What to produce - In the entries below, begin at the line that has "Microfiber - New" and stop after the line that has "We search around"; output those lines exactly, leaving out pictures.

Material supplied -
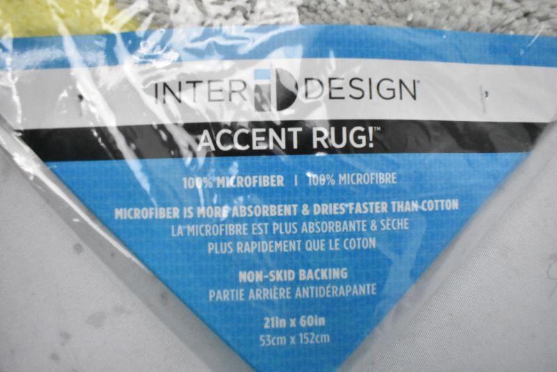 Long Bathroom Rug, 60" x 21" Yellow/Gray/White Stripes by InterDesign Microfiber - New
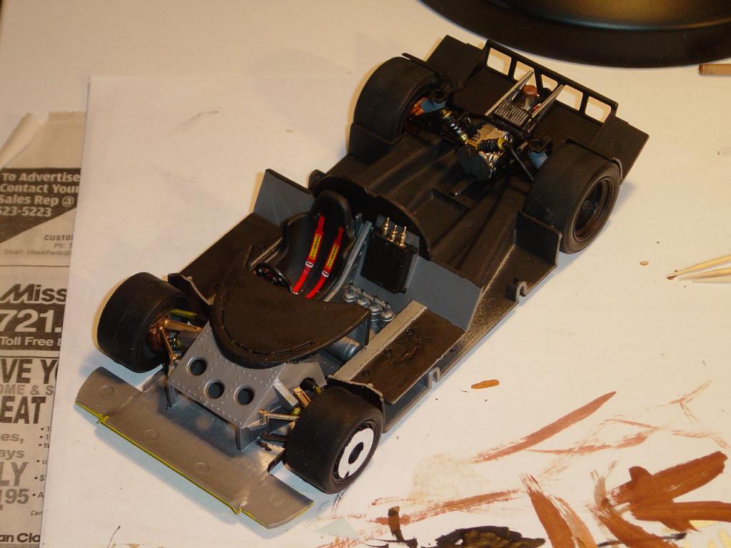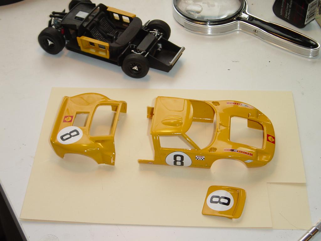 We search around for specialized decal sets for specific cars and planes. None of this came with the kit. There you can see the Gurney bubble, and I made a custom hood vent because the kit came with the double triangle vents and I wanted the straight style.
--
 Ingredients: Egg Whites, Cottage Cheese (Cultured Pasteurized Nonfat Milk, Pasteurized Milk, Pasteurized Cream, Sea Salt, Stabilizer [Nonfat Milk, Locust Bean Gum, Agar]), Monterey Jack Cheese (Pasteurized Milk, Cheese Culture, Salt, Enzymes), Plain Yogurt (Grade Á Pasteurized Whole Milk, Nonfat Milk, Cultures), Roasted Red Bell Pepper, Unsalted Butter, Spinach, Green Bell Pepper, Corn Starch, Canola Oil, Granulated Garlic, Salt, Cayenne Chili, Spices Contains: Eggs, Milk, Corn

Task answer -
 Long Bathroom Rug, 60" x 21" Yellow/Gray/White Stripes by InterDesign Microfiber - New
 We search around for specialized decal sets for specific cars and planes. None of this came with the kit. There you can see the Gurney bubble, and I made a custom hood vent because the kit came with the double triangle vents and I wanted the straight style.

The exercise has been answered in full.